* [Task to carry out]:
Your answer must be the records below repeated word for word, with no pictures in it.

* [Recorded information]:

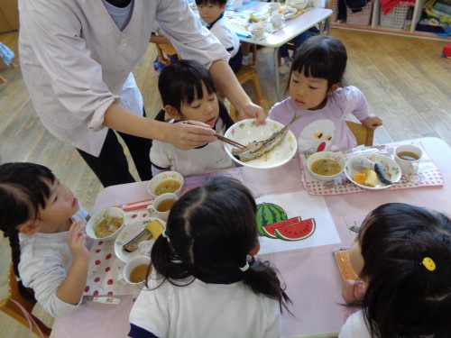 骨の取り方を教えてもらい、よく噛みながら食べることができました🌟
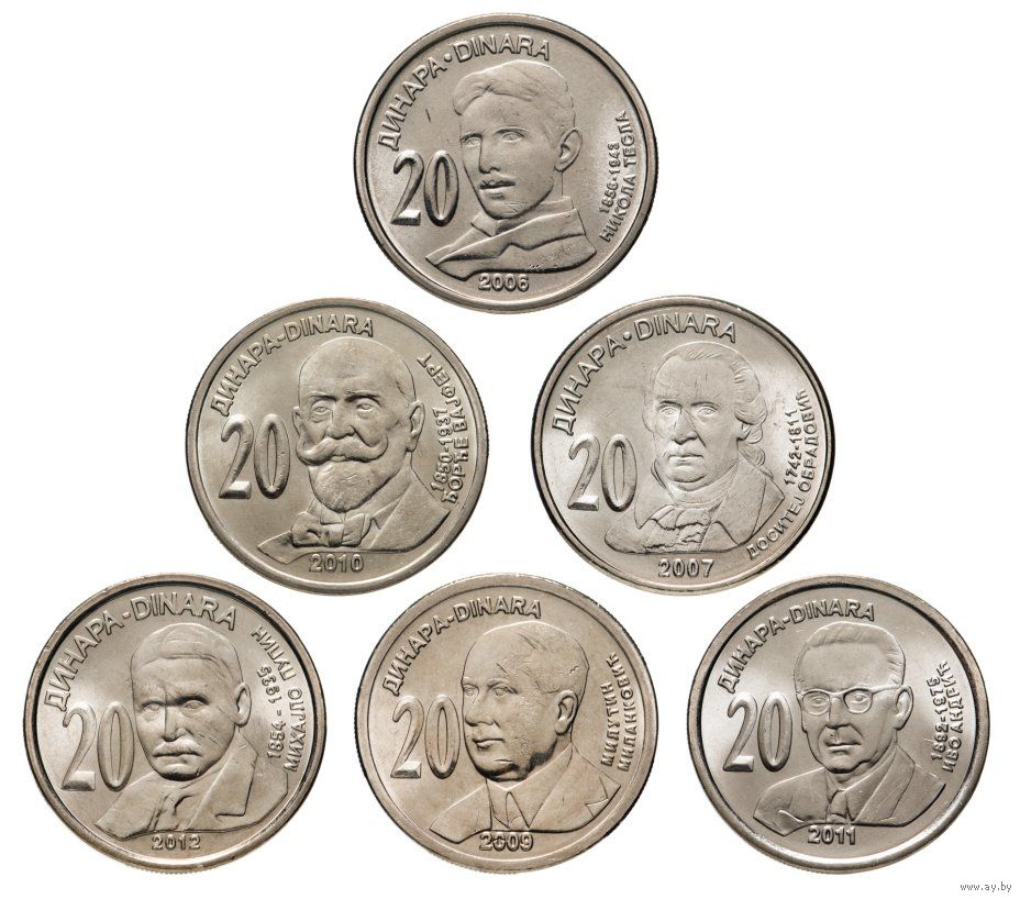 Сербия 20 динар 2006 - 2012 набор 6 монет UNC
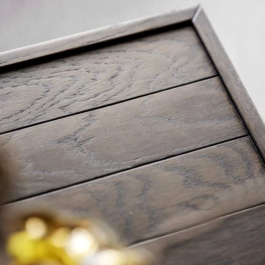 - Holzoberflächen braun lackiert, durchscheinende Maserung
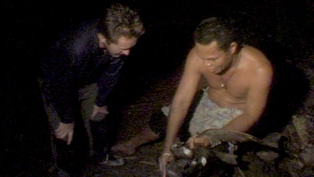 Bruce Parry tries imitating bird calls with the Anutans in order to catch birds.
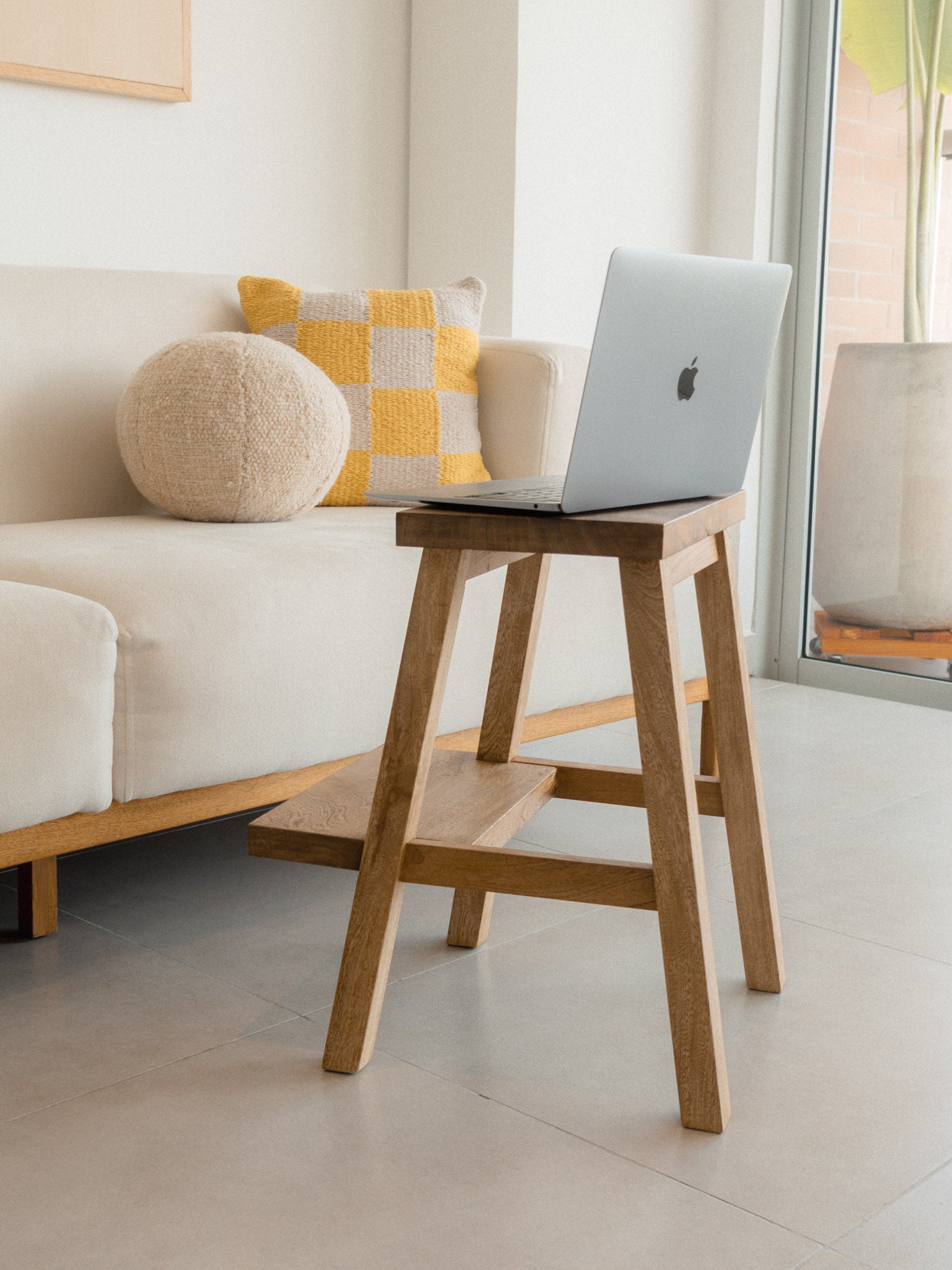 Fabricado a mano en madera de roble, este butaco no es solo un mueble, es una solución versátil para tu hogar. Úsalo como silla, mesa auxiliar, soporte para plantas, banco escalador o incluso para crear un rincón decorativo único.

* [Exercise result]:
 骨の取り方を教えてもらい、よく噛みながら食べることができました🌟
 Сербия 20 динар 2006 - 2012 набор 6 монет UNC
 - Holzoberflächen braun lackiert, durchscheinende Maserung
 Bruce Parry tries imitating bird calls with the Anutans in order to catch birds.
 Fabricado a mano en madera de roble, este butaco no es solo un mueble, es una solución versátil para tu hogar. Úsalo como silla, mesa auxiliar, soporte para plantas, banco escalador o incluso para crear un rincón decorativo único.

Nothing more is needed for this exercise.